RATIONALE: Biological therapies, such as antithymocyte globulin, may stimulate the immune system in different ways and stop cancer cells from growing.

PURPOSE: This phase II trial is studying how well antithymocyte globulin works in treating patients undergoing stem cell transplant for multiple myeloma.

OBJECTIVES:

Primary

  • Determine the response rate at 4 weeks in patients with multiple myeloma treated with anti-thymocyte globulin at least 4 to 6 weeks prior to undergoing conditioning therapy for allogeneic or autologous stem cell transplantation.

Secondary

  • Determine the toxicity of this drug, in terms of formation of antirabbit antibodies, in these patients.

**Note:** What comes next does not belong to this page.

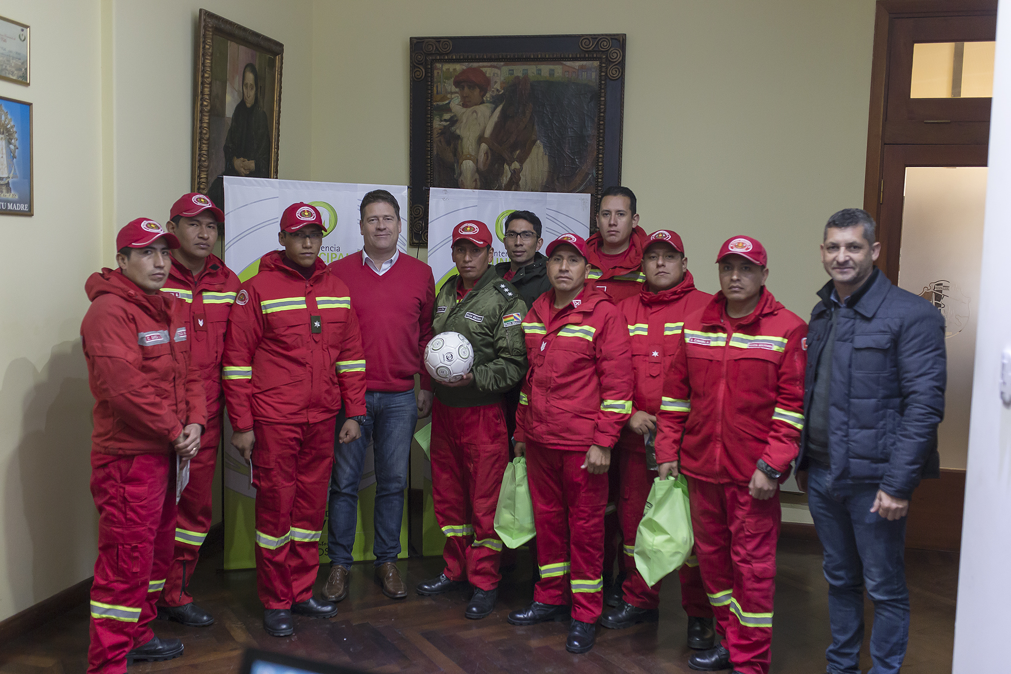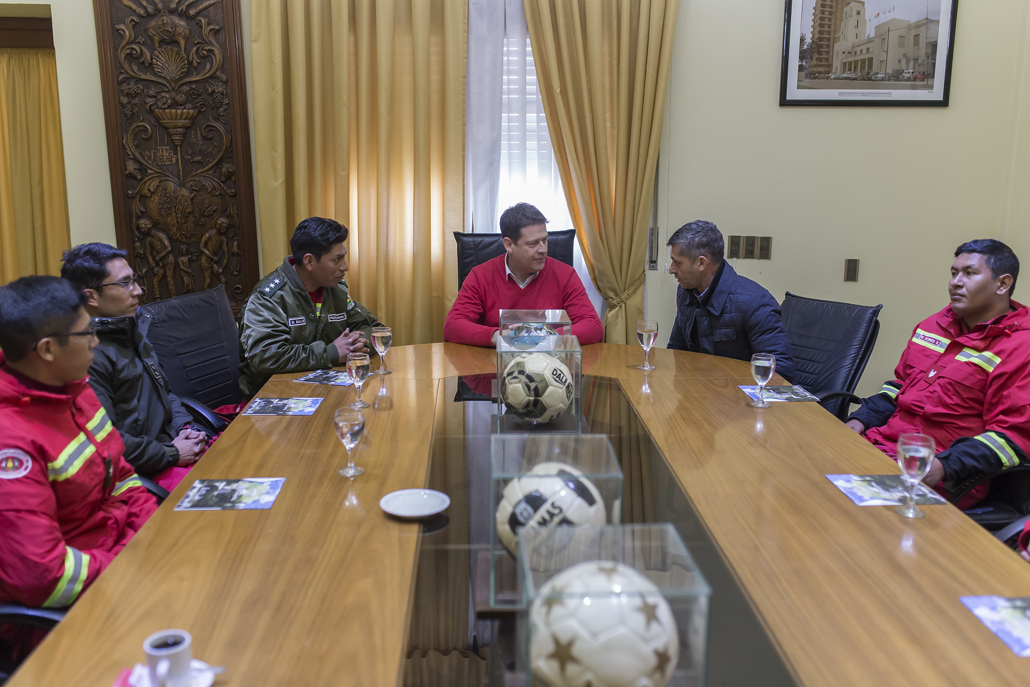 Este mediodía, el intendente municipal, Dr. Carlos Briner, recibió el saludo de efectivos de la Dirección Nacional de Bomberos de la Policía Nacional del Estado Plurinacional de Bolivia, que están participando de capacitaciones dictadas en nuestra ciudad por Bomberos Voluntarios locales.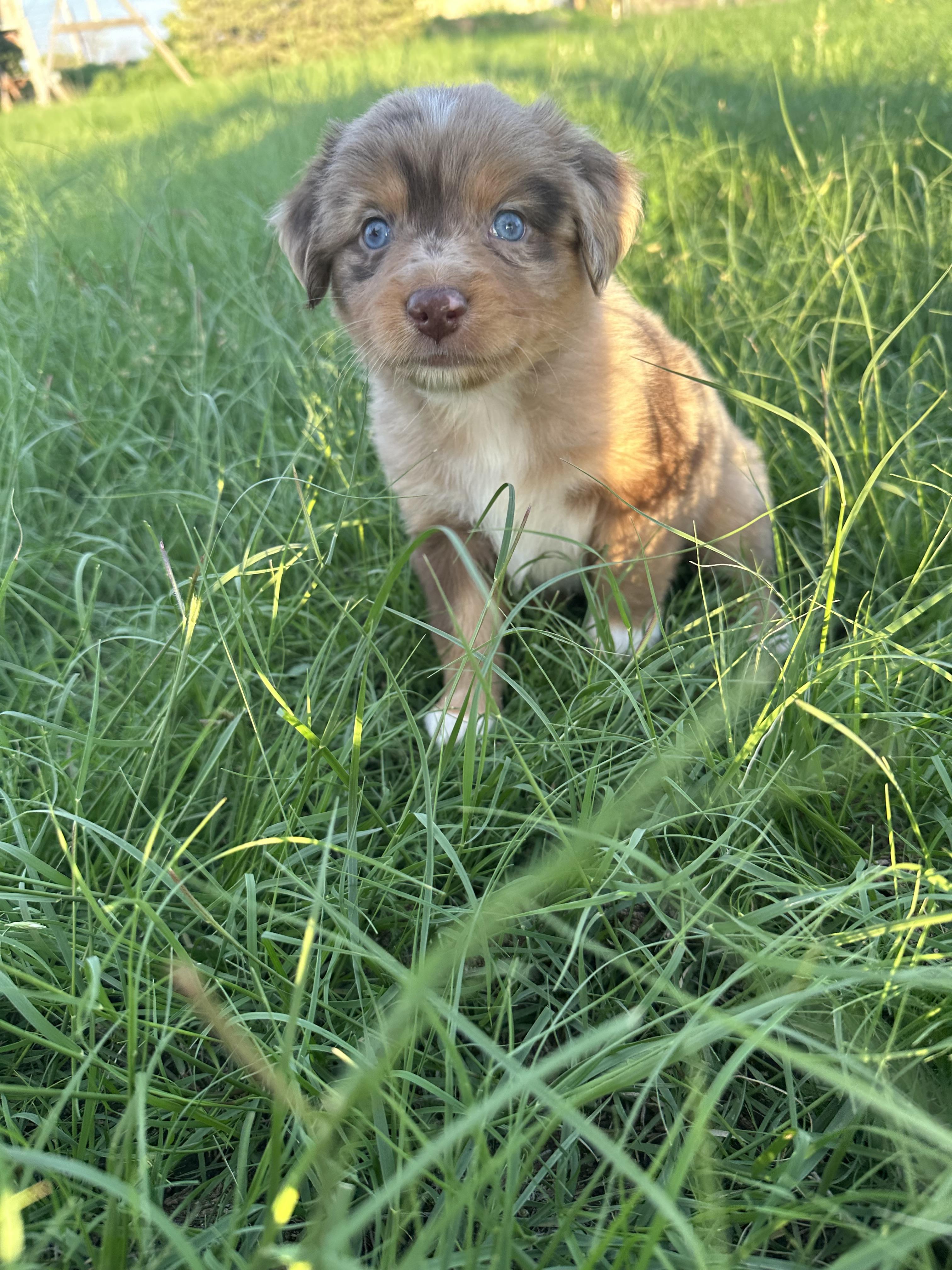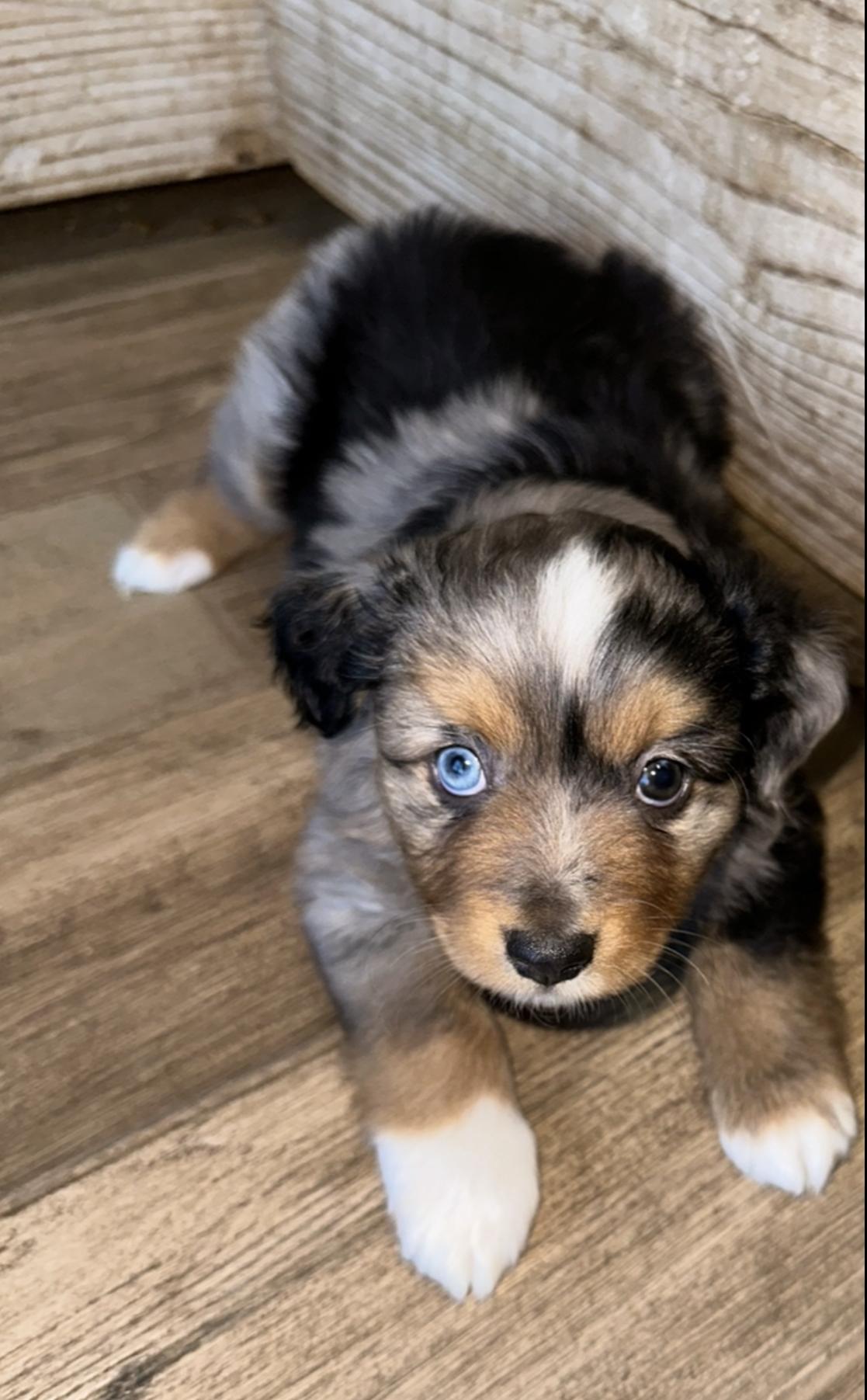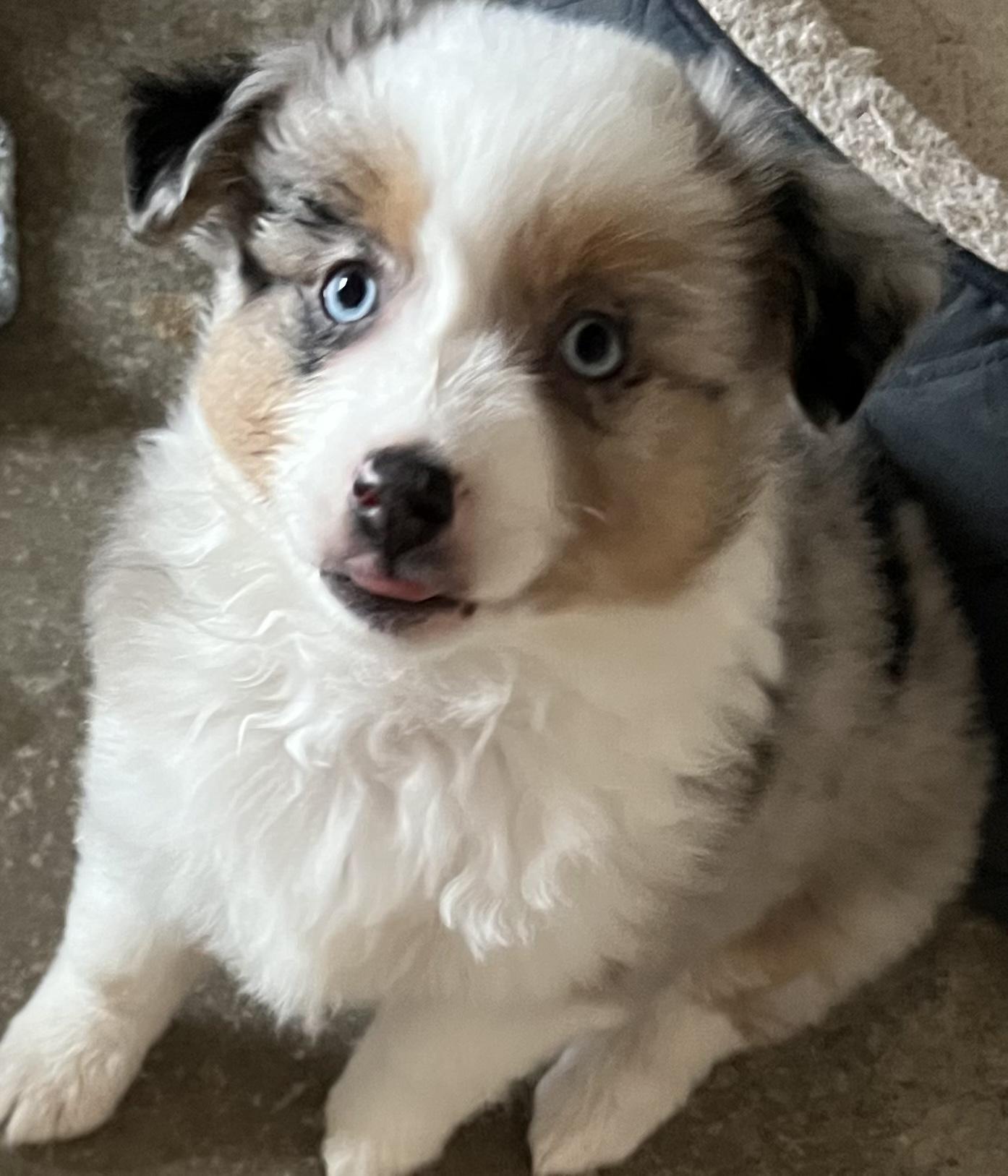Our Miniature Australian Shepherd puppies are blue merle. Toy Australian Shepherd puppies are blue merle. Colors will vary depending on the parent dogs.

OUTLINE: This is an open-label, multicenter study.

Patients receive anti-thymocyte globulin IV over 6 hours on day 1 and over 4 hours on days 3 and 5. Treatment begins 4 to 6 weeks prior to undergoing conditioning therapy for autologous or allogeneic stem cell transplantation.

After completion of study treatment, patients are followed at 28 days.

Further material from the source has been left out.